E allora, che cosa fare con la minoranza, se essa non vuole sottomettersi,
se essa non è d'accordo di sottomettersi alla volontà della
maggioranza? Può il partito, deve il partito, se ha la fiducia della
maggioranza, obbligare la minoranza a sottomettersi alla volontà della
maggioranza? Sì. Lo può e lo deve fare. La direzione si assicura
col metodo della persuasione, che è il metodo fondamentale dell'azione
del partito sulle masse. Ma questo non esclude, anzi presuppone, la costrizione,
se questa ha per base la fiducia e l'appoggio del partito da parte della maggioranza
della classe operaia e se viene applicata alla minoranza dopo che si è
saputo convincere la maggioranza. Sarebbe bene ricordare i dibattiti che ebbero
luogo nel nostro partito a questo proposito, al tempo della discussione sui
sindacati. In che cosa consisteva allora l'errore dell'opposizione, l'errore
del Comitato Centrale del Sindacato dei trasporti? Nel fatto che l'opposizione
considerava possibile la costrizione? No, non consisteva in questo. L'errore
dell'opposizione consistette allora nel fatto che essa, non essendo in condizione
di convincere la maggioranza della giustezza della sua posizione, avendo perduto
la fiducia della maggioranza, cionondimeno incominciò ad applicare
la costrizione e insistette per « cacciar via » gli uomini che
godevano la fiducia della maggioranza.
Ecco che cosa disse allora Lenin, al Decimo Congresso del partito, nel suo
discorso sui sindacati:
« Per stabilire dei rapporti di fiducia reciproca tra l'avanguardia
della classe operaia e la massa operaia bisognava, se il Comitato Centrale
del Sindacato dei trasporti aveva commesso un errore,... bisognava correggerlo.
Ma quando si incomincia a difendere questo errore, ciò diventa la fonte
di un pericolo politico. Se non si fosse fatto il massimo possibile nel senso
della democrazia, tenendo conto dello stato d'animo espresso qui da Kutusov,
saremmo arrivati a un fallimento politico. Prima di tutto dobbiamo convincere,
e poi costringere. Dobbiamo ad ogni costo prima convincere, e poi costringere
(il corsivo è mio. G. St.). Non abbiamo saputo convincere le grandi
masse e abbiamo infranto il giusto rapporto che deve esistere tra l'avanguardia
e le masse » (« Discorso sui sindacati », vol. XXVI, p.
235, ed. russa).
La stessa cosa dice Lenin nel suo opuscolo « Sui sindacati »:
« Abbiamo impiegato giustamente e con successo la costrizione quando
abbiamo saputo incominciare col darle per base la persuasione » (Ibidem,
p. 74).
E questo è assolutamente giusto. Senza queste condizioni, infatti,
nessuna direzione è possibile. Soltanto in questo modo, infatti, si
può assicurare l'unità d'azione del partito, se si tratta del
partito, l'unità d'azione della classe, se si tratta della classe nel
suo assieme. Altrimenti si corre alla scissione, allo sbandamento, alla decomposizione
delle file della classe operaia.
Tali sono, in sostanza, le basi di una giusta direzione del partito.

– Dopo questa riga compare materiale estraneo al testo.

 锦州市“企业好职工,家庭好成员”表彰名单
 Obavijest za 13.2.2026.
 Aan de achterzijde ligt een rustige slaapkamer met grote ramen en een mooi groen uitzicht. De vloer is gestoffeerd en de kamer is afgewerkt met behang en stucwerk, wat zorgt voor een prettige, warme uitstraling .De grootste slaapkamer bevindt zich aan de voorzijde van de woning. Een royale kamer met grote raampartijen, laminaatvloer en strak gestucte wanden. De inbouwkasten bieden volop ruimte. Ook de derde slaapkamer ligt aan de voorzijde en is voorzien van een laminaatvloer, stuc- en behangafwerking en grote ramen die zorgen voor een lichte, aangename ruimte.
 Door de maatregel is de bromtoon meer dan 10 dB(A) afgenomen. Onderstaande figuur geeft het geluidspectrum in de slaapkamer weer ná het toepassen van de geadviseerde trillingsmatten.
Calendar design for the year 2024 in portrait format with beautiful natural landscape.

Ogni altra concezione della direzione è sindacalismo, anarchismo, burocrazia,
tutto quel che si vuole, ma non è bolscevismo, non è leninismo.

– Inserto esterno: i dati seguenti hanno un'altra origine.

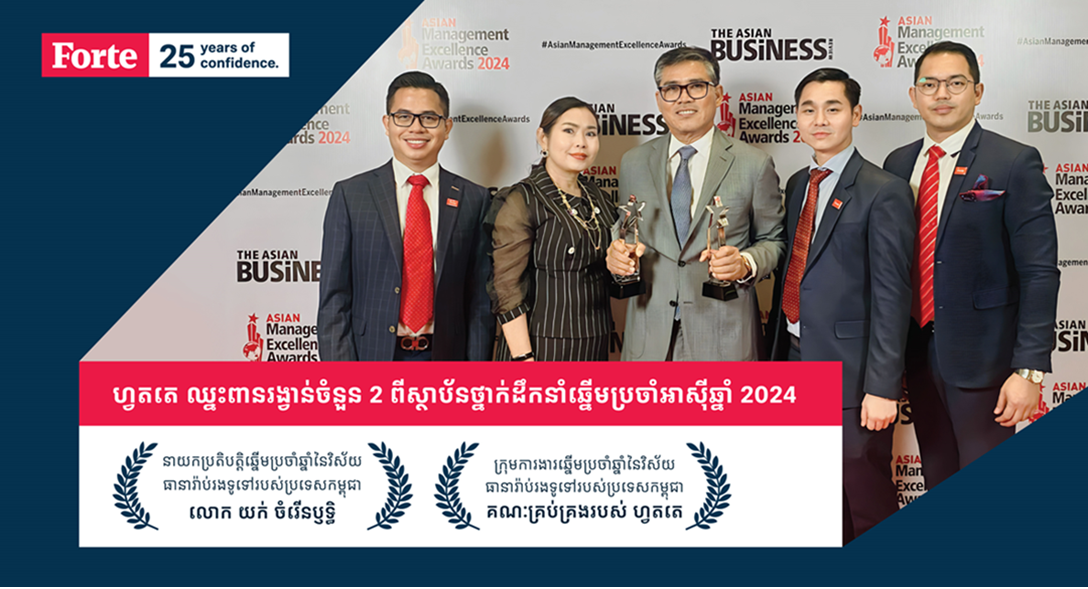 ក្នុងនាមជាប្រធានអគ្គនាយកប្រតិបត្តិនៃ ហ្វតតេ គ្រុប លោក យក់ ចំរើនឫទ្ធិ ត្រូវបានទទួលស្គាល់ជា “នាយកប្រតិបត្តិឆ្នើមប្រចាំឆ្នាំ នៃវិស័យធានារ៉ាប់រងទូទៅរបស់ប្រទេសកម្ពុជា” ដែលកិត្តិនាមនេះ ជាសក្ខីភាពសបញ្ជាក់ពីភាពជាអ្នកដឹកនាំដ៏ឆ្នើម និងការលះបង់របស់លោកចំពោះវិស័យធានារ៉ាប់រង។ នេះជាលើកទីមួយហើយ ដែលថ្នាក់ដឹកនាំផ្នែកធុរកិច្ច កម្ពុជា ទទួលបានកិត្តិយស និងការទទួលស្គាល់លំដាប់អន្តរជាតិ តាមរយៈ កម្មវិធី Asian Management Excellence Awards 2024។ ជាមួយនឹងបទពិសោធន៍ជាង 30 ឆ្នាំ ក្នុងវិស័យធានារ៉ាប់រង និងការគ្រប់គ្រងហានិភ័យ លោក ចំរើនឫទ្ធិ dedication to innovation and customer centricity has been key to keeping Forte at the forefront of the insurance industry.
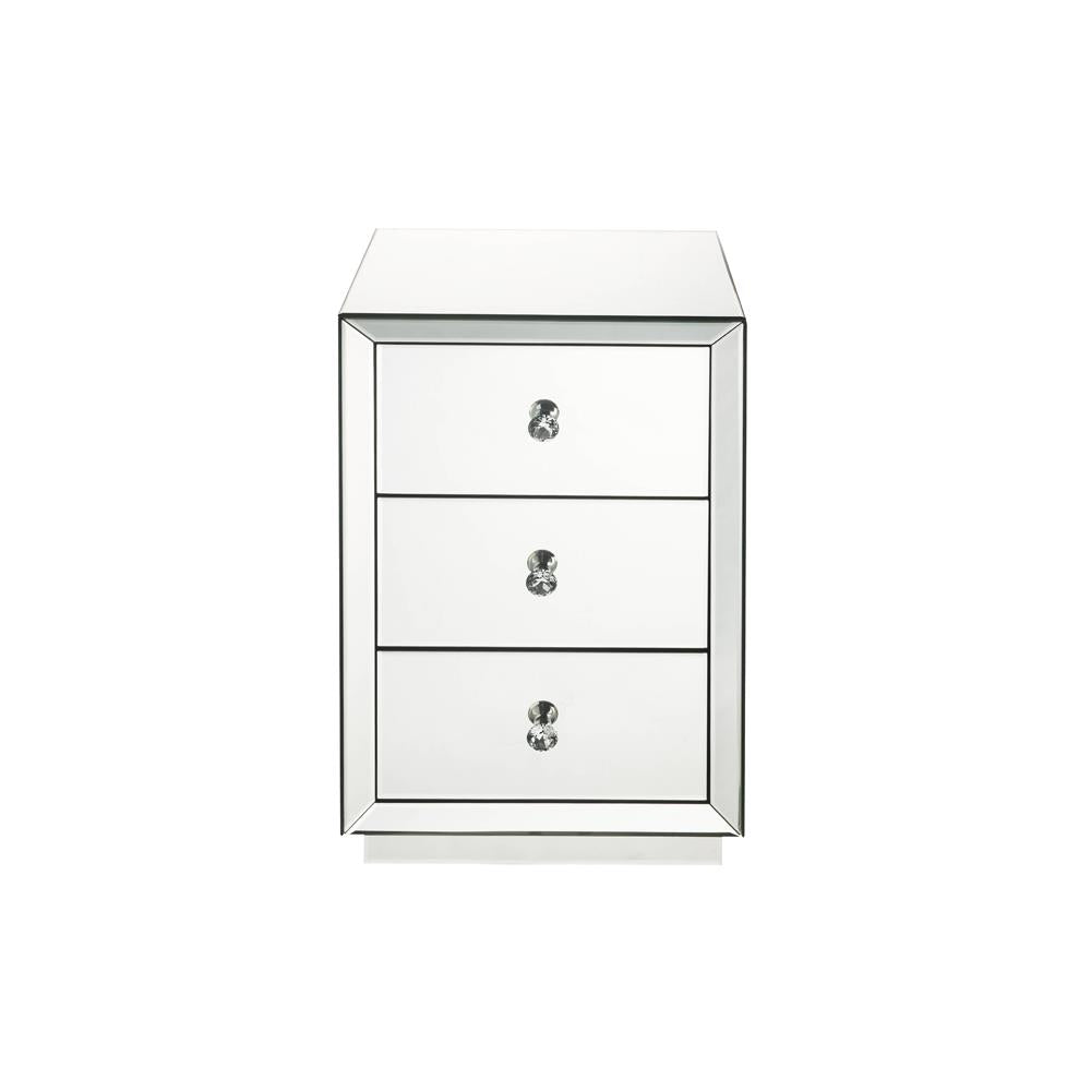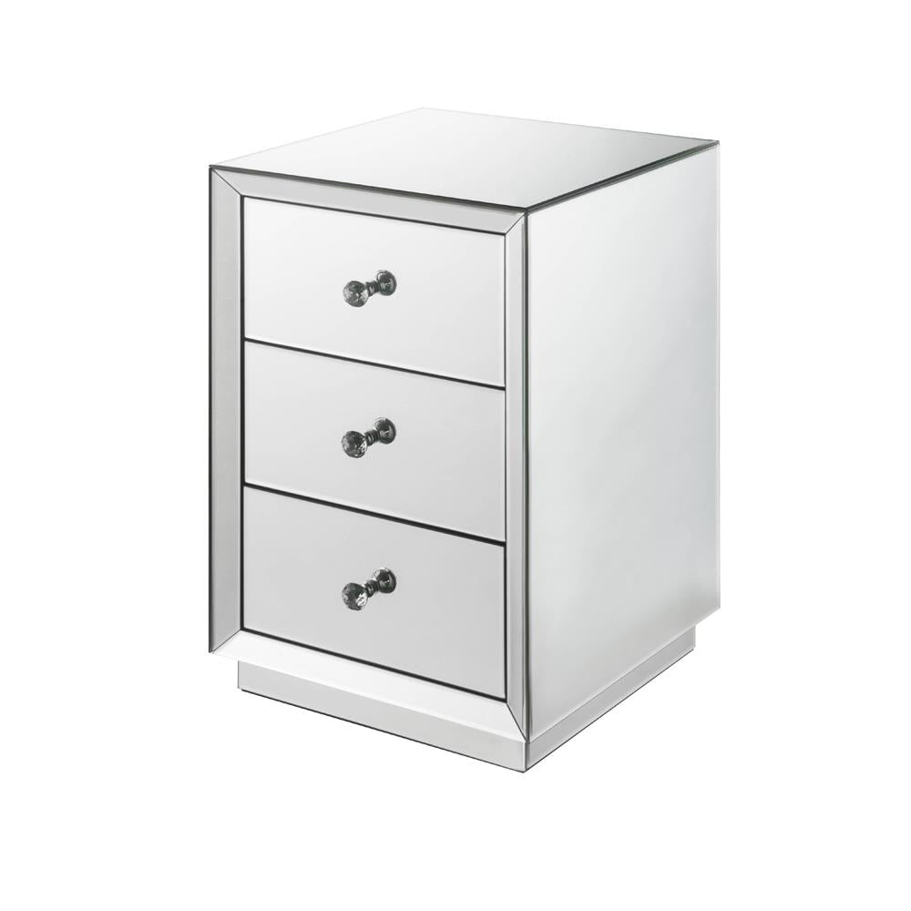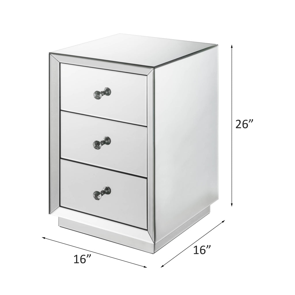 The Nyoka occasional table is perfect for your modern grace bedside. This dazzling table features a sturdy wood frame fully lined in beveled mirrors that will reflect light and your bold beauty. Its three drawers boast crystal knobs and are right size for keeping small items, remotes, or reading materials at your fingertips.

Non si può contrapporre la direzione (« dittatura ») del
partito alla dittatura del proletariato, se esistono dei rapporti giusti tra
il partito e la classe operaia, tra l'avanguardia e le masse operaie. Ma da
questo deriva che, a maggior ragione, non si può identificare il partito
con la classe operaia, la direzione ( « dittatura ») del partito
con la dittatura della classe operaia. Per la ragione che non si può
contrapporre la « dittatura » del partito alla dittatura del proletariato,
Sorin è giunto alla conclusione sbagliata che: « la dittatura
del proletariato è la dittatura del nostro partito ». Ma Lenin
non dice solamente che tale contrapposizione è inammissibile. Egli
dice pure che non è ammissibile contrapporre « la dittatura delle
masse alla dittatura dei capi ». Dovremo dunque, per questa ragione,
identificare la dittatura dei capi con la dittatura del proletariato? Continuando
su questa via, dovremmo dire che « la dittatura del proletariato è
la dittatura dei nostri capi ». Eppure, proprio a questa stoltezza porta,
propriamente parlando, la politica della identificazione della « dittatura
» del partito con la dittatura del proletariato...
Qual'è, in proposito, la posizione di Zinoviev?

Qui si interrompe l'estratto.